Most of the action is aboard ship, but some of it happens in the ports of call—Southampton, Villefranche-sur-Mer, Athens, Izmir, Beirut, Rhodes, Naples—in that order. That would have been a scintillating real-life cruise at the time, but as a piece of fiction, the selfish, mean, and entitled passengers give the book the feel of a seagoing season of The White Lotus sans humor. Yet after a slow and taxing start, a funny thing happens on the way across the Med—the story starts to click, but only in pieces. By the end we were invested in learning how it all would turn out because the characters of Pamela, Richard, and his crush John grew on us.

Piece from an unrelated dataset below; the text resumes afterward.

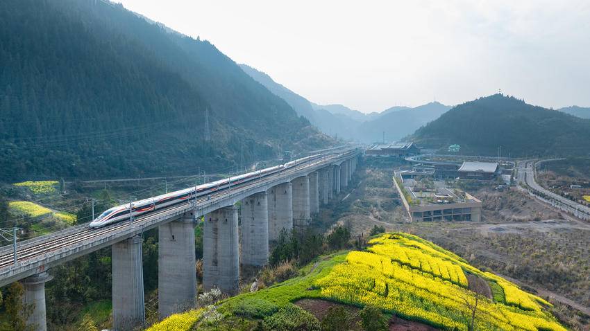 走进平阳坝,就像走进了一幅画。最吸引人的,是动车从花海和田间穿过的场景。高铁线路外的环形公路里,油菜花田像一块巨大的金色地毯铺展开来,各种颜色的动车组疾驰而过,像极了流动的花海,满眼都是春的景色。

We’d wager that Cruise is probably too ponderous for most readers. About one third of its omniscient interior musings could have been jettisoned. Patience is often rewarded in fiction. But time is precious. For those not impressed by its story the book may still have value—and that would be as travelogue. It’s enjoyably detailed on that score. If you’ve visited any of Queen Dee‘s stops you’ll be fascinated by Baker’s depiction of them from a lifetime ago. Maybe that isn’t the strongest endorsement for a novel, but it’s something. Baker is a good writer without an innate sense of conciseness, nor an editor cruel enough to do the job for him. But we’re glad to have gone on the trip.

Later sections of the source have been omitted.